[Work instructions]
Where an entry contains a picture, omit the picture and repeat the rest exactly.

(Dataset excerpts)

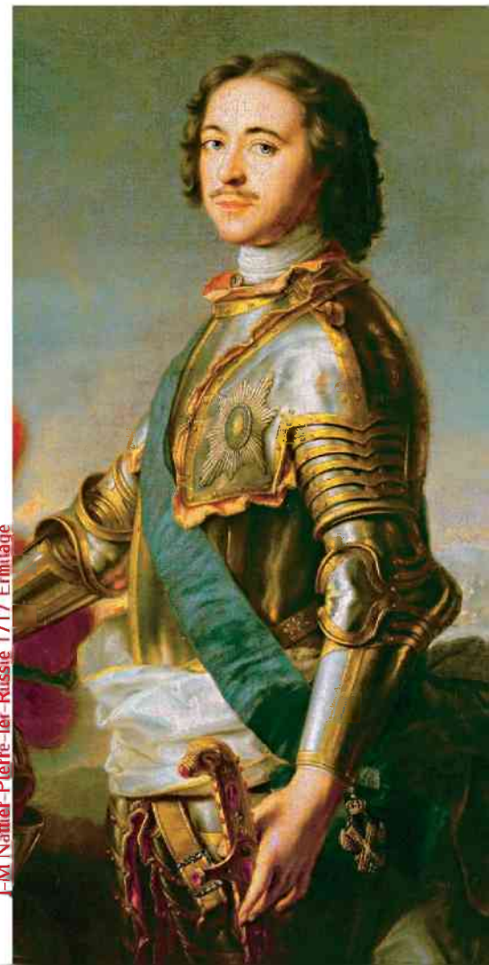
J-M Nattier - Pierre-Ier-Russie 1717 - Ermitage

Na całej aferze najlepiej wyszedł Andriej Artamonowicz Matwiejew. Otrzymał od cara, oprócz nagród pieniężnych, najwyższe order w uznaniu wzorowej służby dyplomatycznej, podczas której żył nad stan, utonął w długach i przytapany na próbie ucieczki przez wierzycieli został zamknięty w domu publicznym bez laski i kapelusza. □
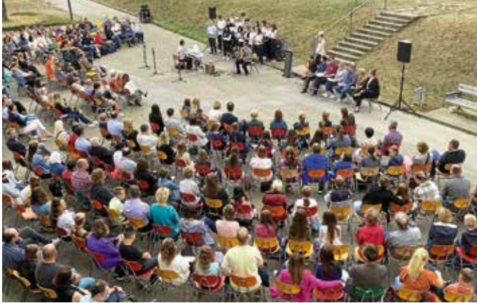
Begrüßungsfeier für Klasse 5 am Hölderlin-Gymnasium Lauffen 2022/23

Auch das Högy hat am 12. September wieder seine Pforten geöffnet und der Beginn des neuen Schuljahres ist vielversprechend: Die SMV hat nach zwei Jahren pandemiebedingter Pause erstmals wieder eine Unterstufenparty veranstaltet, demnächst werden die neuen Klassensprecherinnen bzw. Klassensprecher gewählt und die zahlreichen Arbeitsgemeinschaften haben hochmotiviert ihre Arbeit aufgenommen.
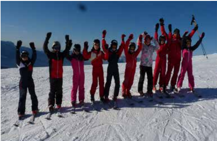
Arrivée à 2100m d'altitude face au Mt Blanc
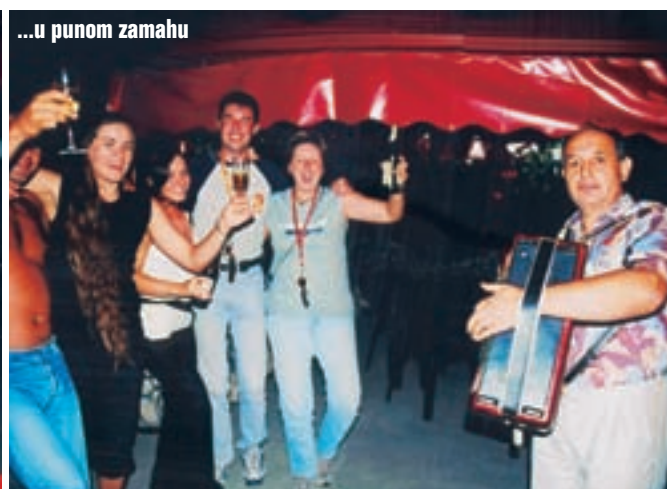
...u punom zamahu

[Output for this task]
J-M Nattier - Pierre-Ier-Russie 1717 - Ermitage

Na całej aferze najlepiej wyszedł Andriej Artamonowicz Matwiejew. Otrzymał od cara, oprócz nagród pieniężnych, najwyższe order w uznaniu wzorowej służby dyplomatycznej, podczas której żył nad stan, utonął w długach i przytapany na próbie ucieczki przez wierzycieli został zamknięty w domu publicznym bez laski i kapelusza. □
Begrüßungsfeier für Klasse 5 am Hölderlin-Gymnasium Lauffen 2022/23

Auch das Högy hat am 12. September wieder seine Pforten geöffnet und der Beginn des neuen Schuljahres ist vielversprechend: Die SMV hat nach zwei Jahren pandemiebedingter Pause erstmals wieder eine Unterstufenparty veranstaltet, demnächst werden die neuen Klassensprecherinnen bzw. Klassensprecher gewählt und die zahlreichen Arbeitsgemeinschaften haben hochmotiviert ihre Arbeit aufgenommen.
Arrivée à 2100m d'altitude face au Mt Blanc
...u punom zamahu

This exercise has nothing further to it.